Data block ->
----

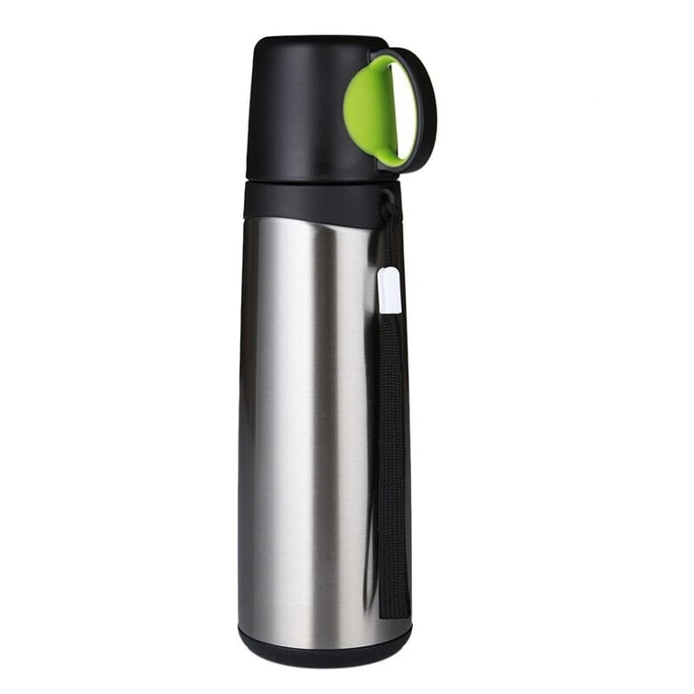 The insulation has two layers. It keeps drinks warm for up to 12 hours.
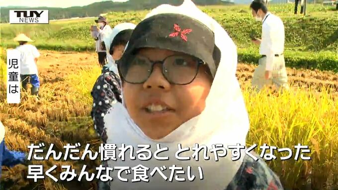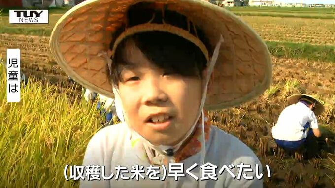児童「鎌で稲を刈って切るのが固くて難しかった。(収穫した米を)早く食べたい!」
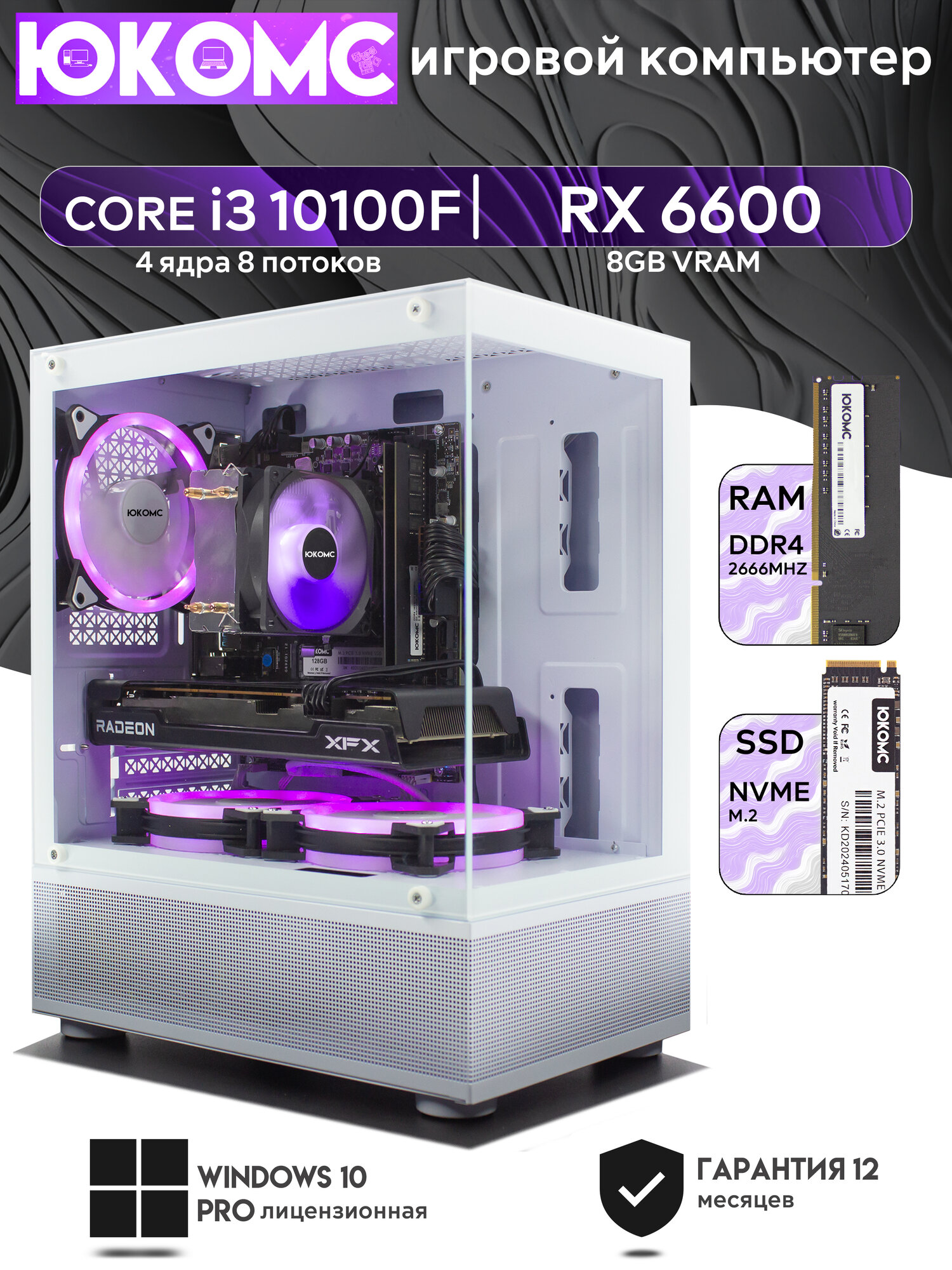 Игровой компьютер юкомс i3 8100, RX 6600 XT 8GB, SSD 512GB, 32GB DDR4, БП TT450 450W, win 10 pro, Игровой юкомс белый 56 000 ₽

----

What the exercise asks -> Leave out the pictures and reproduce the rest of the listing exactly.

Reply ->
 The insulation has two layers. It keeps drinks warm for up to 12 hours.
児童「鎌で稲を刈って切るのが固くて難しかった。(収穫した米を)早く食べたい!」
 Игровой компьютер юкомс i3 8100, RX 6600 XT 8GB, SSD 512GB, 32GB DDR4, БП TT450 450W, win 10 pro, Игровой юкомс белый 56 000 ₽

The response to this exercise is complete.